* [Task description] Give back the records below verbatim, please, but without a single image.

* [Dataset content]

##############################

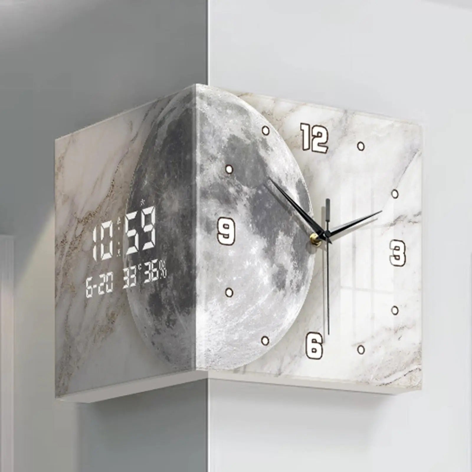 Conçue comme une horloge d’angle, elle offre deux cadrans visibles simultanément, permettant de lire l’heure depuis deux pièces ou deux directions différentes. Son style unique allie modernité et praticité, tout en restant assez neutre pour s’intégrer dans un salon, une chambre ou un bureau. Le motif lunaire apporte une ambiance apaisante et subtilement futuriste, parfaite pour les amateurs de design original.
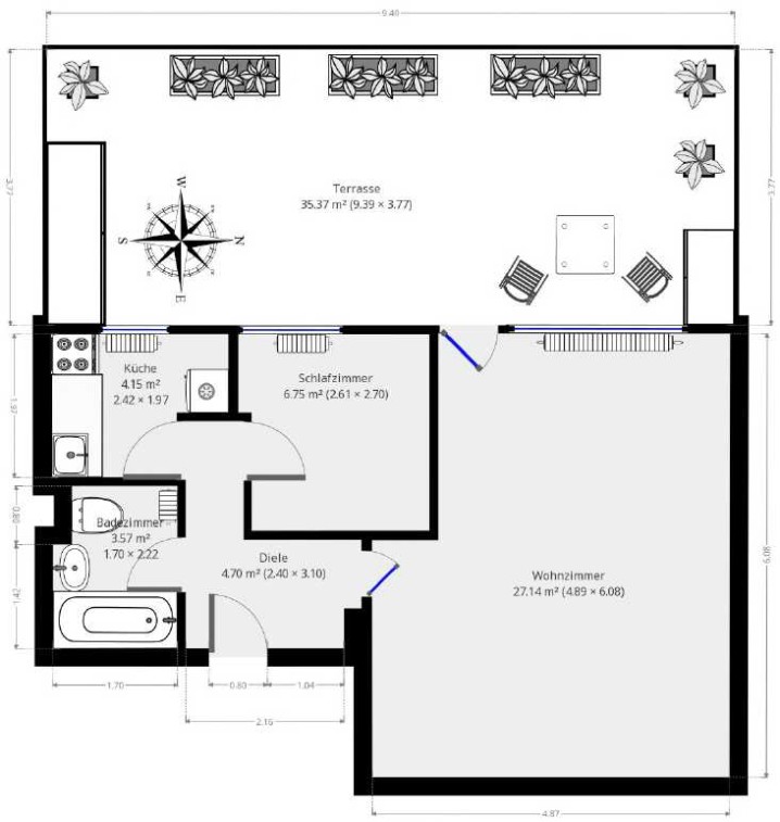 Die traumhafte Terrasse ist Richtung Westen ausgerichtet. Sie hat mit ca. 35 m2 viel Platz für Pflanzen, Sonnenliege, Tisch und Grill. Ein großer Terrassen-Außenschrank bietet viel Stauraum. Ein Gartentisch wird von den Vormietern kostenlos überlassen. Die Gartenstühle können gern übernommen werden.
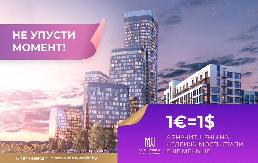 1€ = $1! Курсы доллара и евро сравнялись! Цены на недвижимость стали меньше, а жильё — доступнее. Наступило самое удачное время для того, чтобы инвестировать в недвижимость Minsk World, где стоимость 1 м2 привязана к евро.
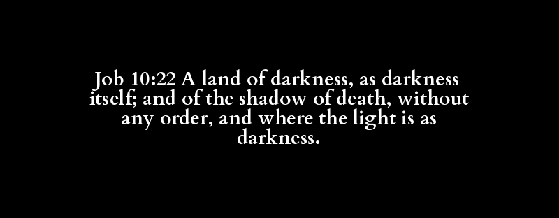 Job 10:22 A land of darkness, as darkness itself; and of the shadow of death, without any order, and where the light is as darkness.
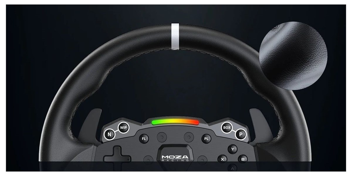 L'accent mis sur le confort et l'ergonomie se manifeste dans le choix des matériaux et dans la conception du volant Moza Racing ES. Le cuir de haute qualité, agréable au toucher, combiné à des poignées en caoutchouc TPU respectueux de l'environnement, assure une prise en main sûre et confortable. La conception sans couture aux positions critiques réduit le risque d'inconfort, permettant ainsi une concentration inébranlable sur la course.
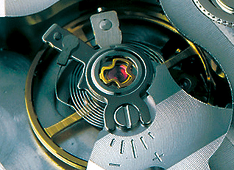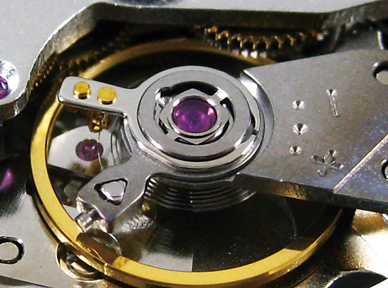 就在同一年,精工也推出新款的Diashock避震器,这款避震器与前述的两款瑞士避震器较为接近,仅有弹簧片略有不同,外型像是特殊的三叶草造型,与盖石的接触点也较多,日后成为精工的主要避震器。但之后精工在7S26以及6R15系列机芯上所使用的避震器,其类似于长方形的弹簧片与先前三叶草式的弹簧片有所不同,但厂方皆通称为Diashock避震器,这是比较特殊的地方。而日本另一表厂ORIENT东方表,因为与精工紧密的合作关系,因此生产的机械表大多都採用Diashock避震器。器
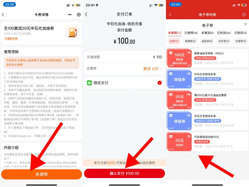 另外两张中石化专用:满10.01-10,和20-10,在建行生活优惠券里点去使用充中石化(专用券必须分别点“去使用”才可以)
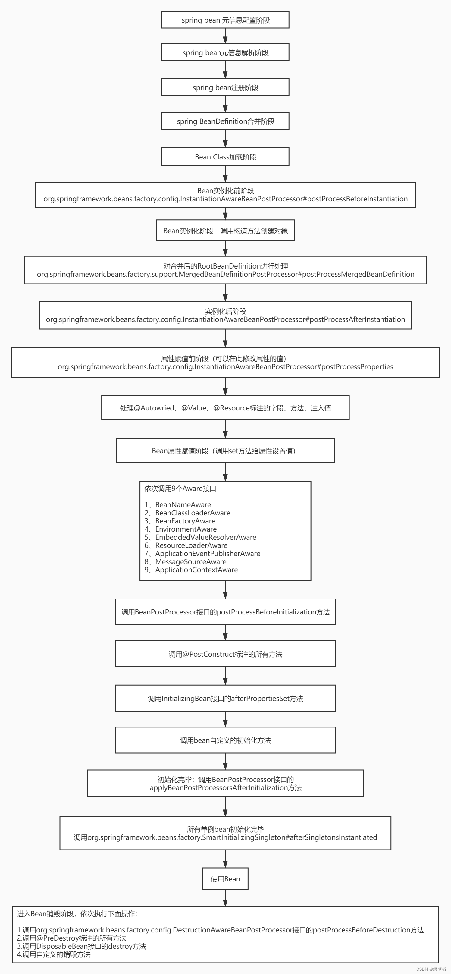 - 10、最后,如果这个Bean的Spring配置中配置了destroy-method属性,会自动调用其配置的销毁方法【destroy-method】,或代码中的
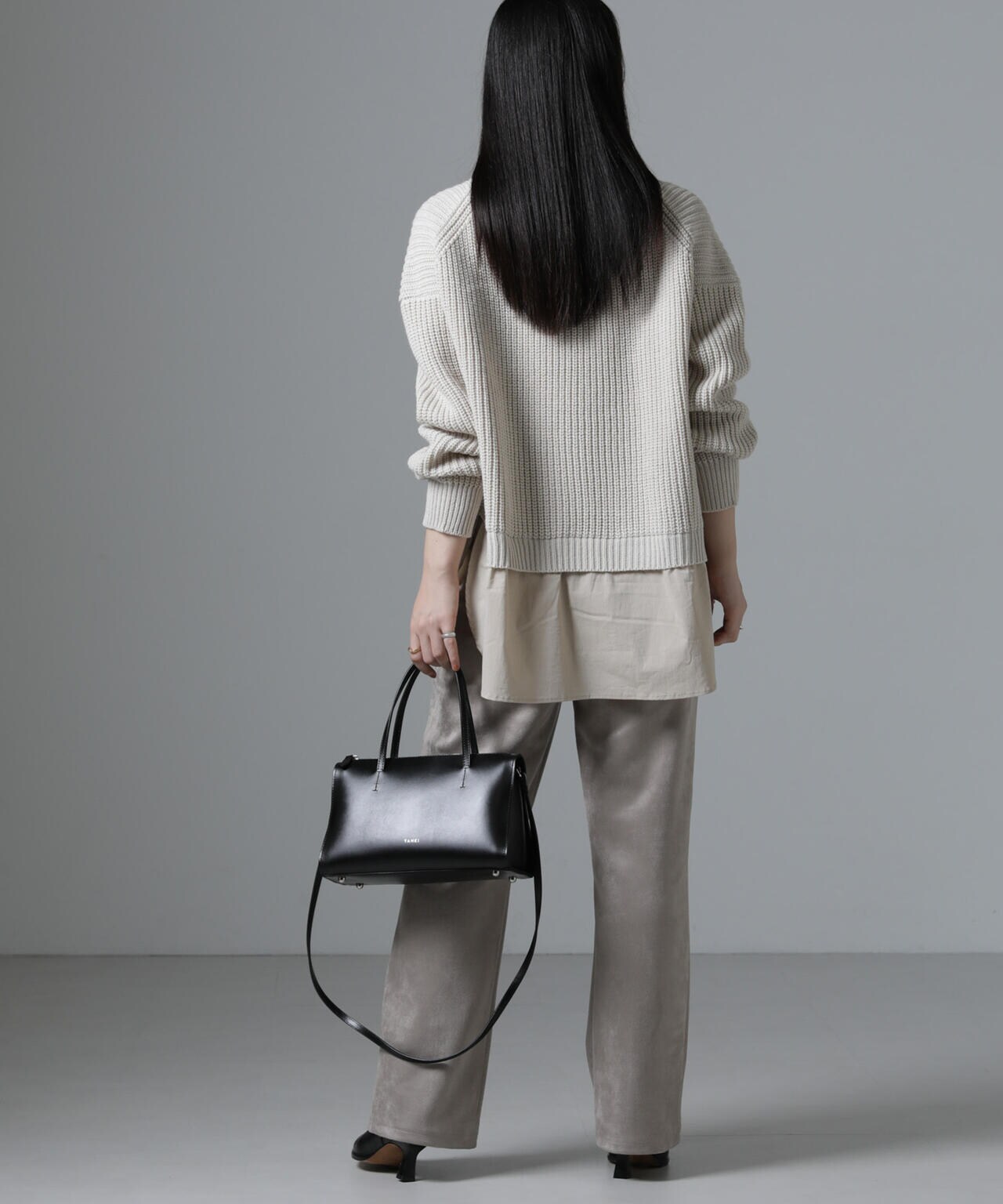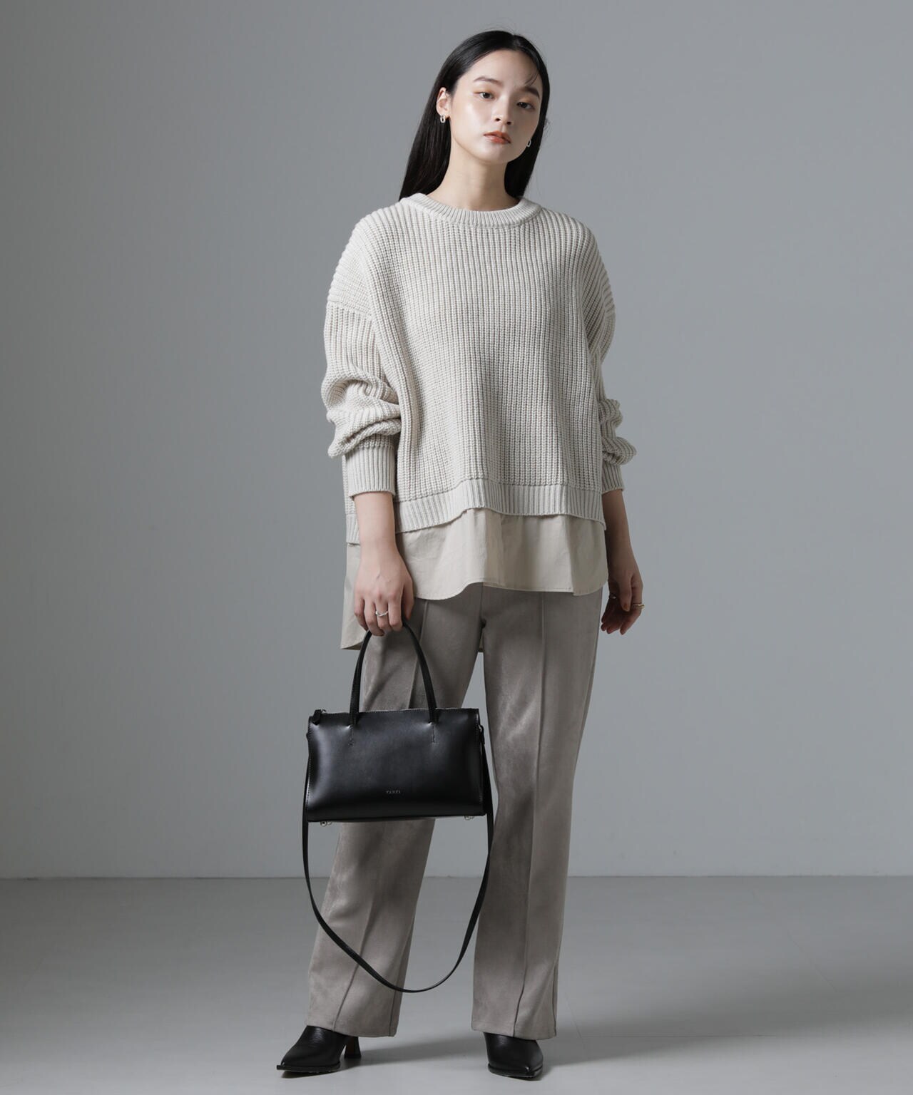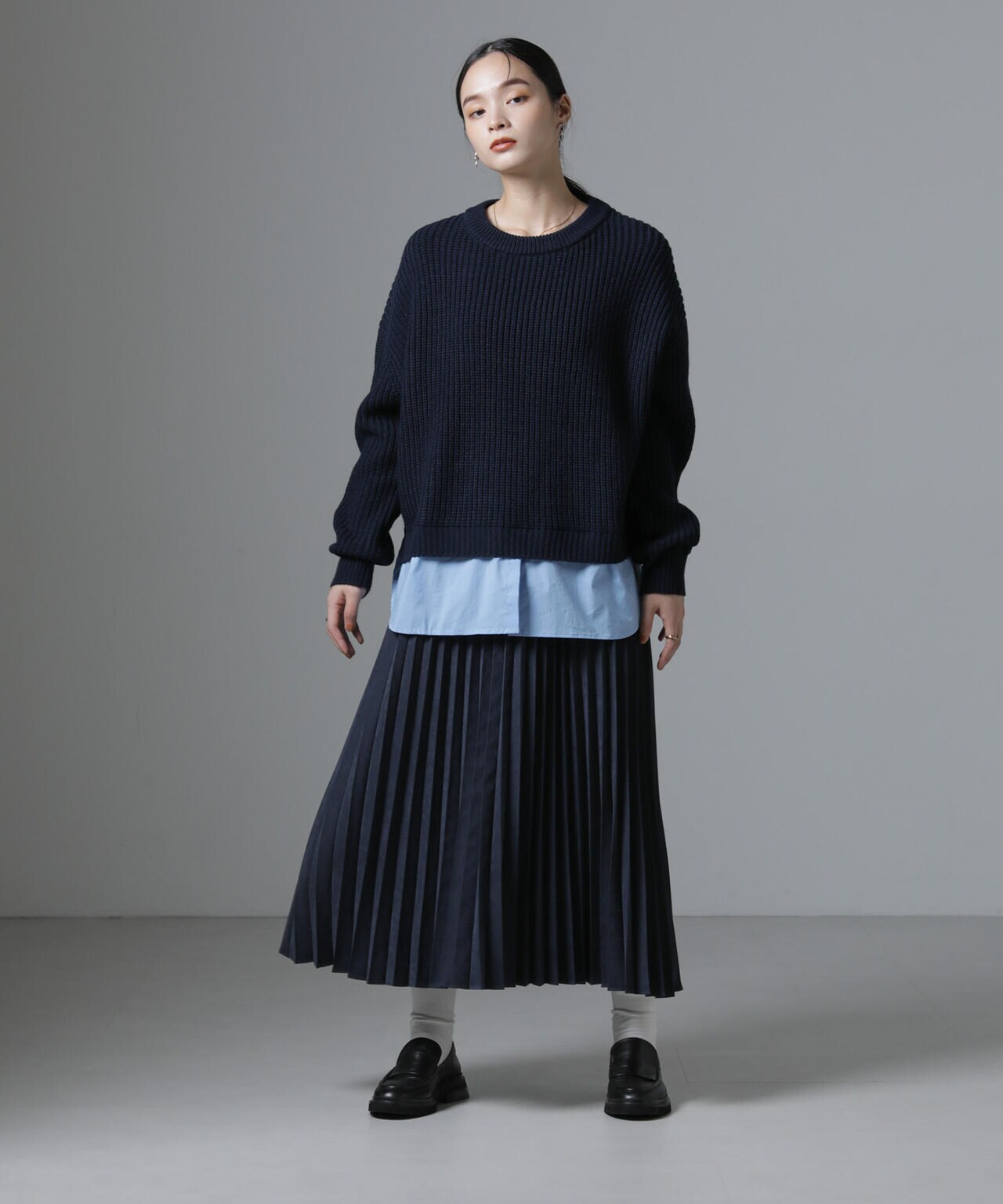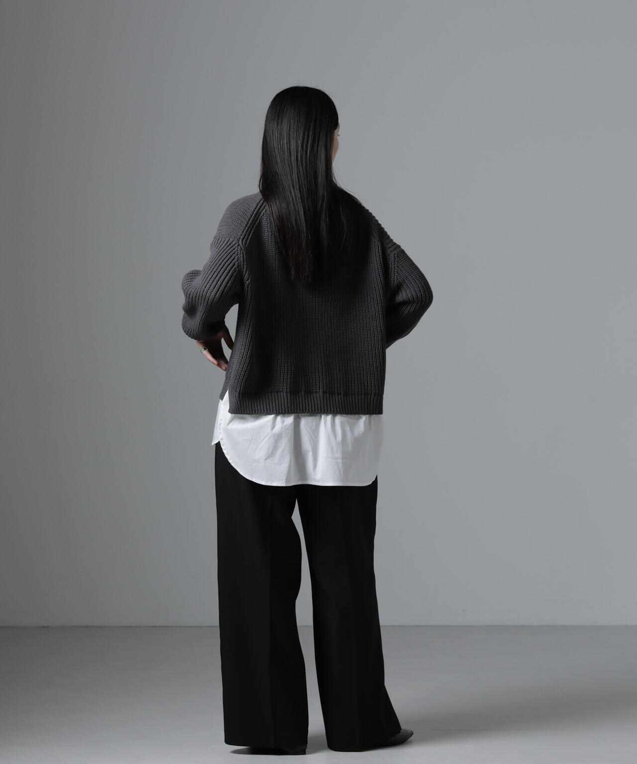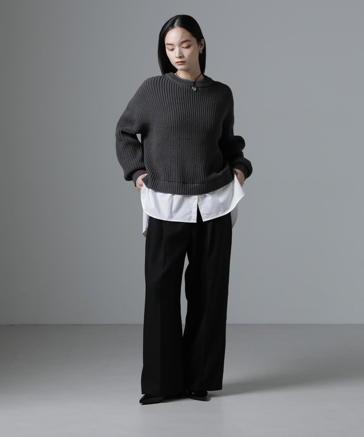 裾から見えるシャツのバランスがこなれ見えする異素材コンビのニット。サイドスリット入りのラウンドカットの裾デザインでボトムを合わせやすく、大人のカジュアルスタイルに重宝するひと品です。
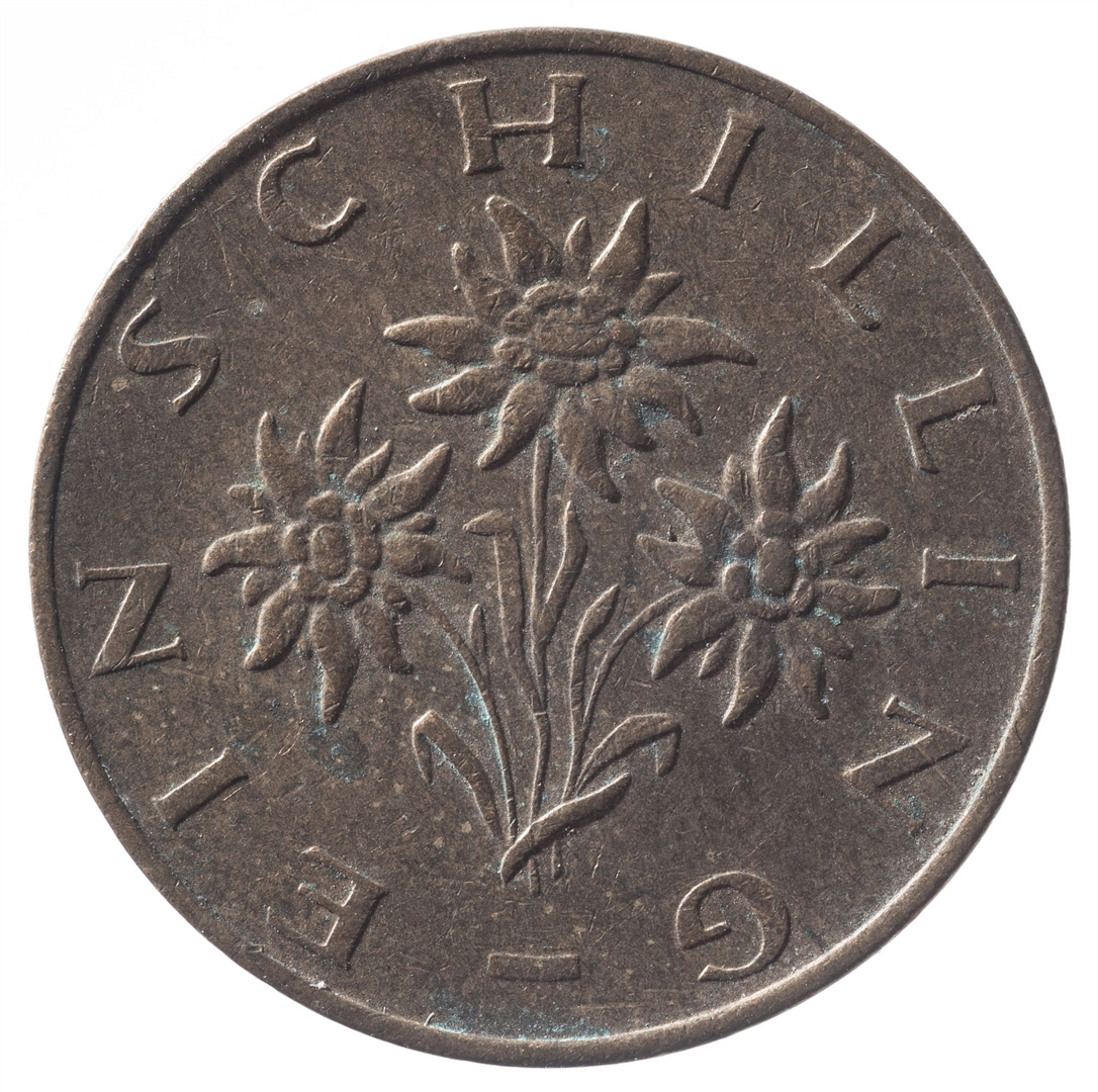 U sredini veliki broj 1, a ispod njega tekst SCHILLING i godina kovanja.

##############################

* [Result]
 Conçue comme une horloge d’angle, elle offre deux cadrans visibles simultanément, permettant de lire l’heure depuis deux pièces ou deux directions différentes. Son style unique allie modernité et praticité, tout en restant assez neutre pour s’intégrer dans un salon, une chambre ou un bureau. Le motif lunaire apporte une ambiance apaisante et subtilement futuriste, parfaite pour les amateurs de design original.
 Die traumhafte Terrasse ist Richtung Westen ausgerichtet. Sie hat mit ca. 35 m2 viel Platz für Pflanzen, Sonnenliege, Tisch und Grill. Ein großer Terrassen-Außenschrank bietet viel Stauraum. Ein Gartentisch wird von den Vormietern kostenlos überlassen. Die Gartenstühle können gern übernommen werden.
 1€ = $1! Курсы доллара и евро сравнялись! Цены на недвижимость стали меньше, а жильё — доступнее. Наступило самое удачное время для того, чтобы инвестировать в недвижимость Minsk World, где стоимость 1 м2 привязана к евро.
 Job 10:22 A land of darkness, as darkness itself; and of the shadow of death, without any order, and where the light is as darkness.
 L'accent mis sur le confort et l'ergonomie se manifeste dans le choix des matériaux et dans la conception du volant Moza Racing ES. Le cuir de haute qualité, agréable au toucher, combiné à des poignées en caoutchouc TPU respectueux de l'environnement, assure une prise en main sûre et confortable. La conception sans couture aux positions critiques réduit le risque d'inconfort, permettant ainsi une concentration inébranlable sur la course.
 就在同一年,精工也推出新款的Diashock避震器,这款避震器与前述的两款瑞士避震器较为接近,仅有弹簧片略有不同,外型像是特殊的三叶草造型,与盖石的接触点也较多,日后成为精工的主要避震器。但之后精工在7S26以及6R15系列机芯上所使用的避震器,其类似于长方形的弹簧片与先前三叶草式的弹簧片有所不同,但厂方皆通称为Diashock避震器,这是比较特殊的地方。而日本另一表厂ORIENT东方表,因为与精工紧密的合作关系,因此生产的机械表大多都採用Diashock避震器。器
 另外两张中石化专用:满10.01-10,和20-10,在建行生活优惠券里点去使用充中石化(专用券必须分别点“去使用”才可以)
 - 10、最后,如果这个Bean的Spring配置中配置了destroy-method属性,会自动调用其配置的销毁方法【destroy-method】,或代码中的
 裾から見えるシャツのバランスがこなれ見えする異素材コンビのニット。サイドスリット入りのラウンドカットの裾デザインでボトムを合わせやすく、大人のカジュアルスタイルに重宝するひと品です。
 U sredini veliki broj 1, a ispod njega tekst SCHILLING i godina kovanja.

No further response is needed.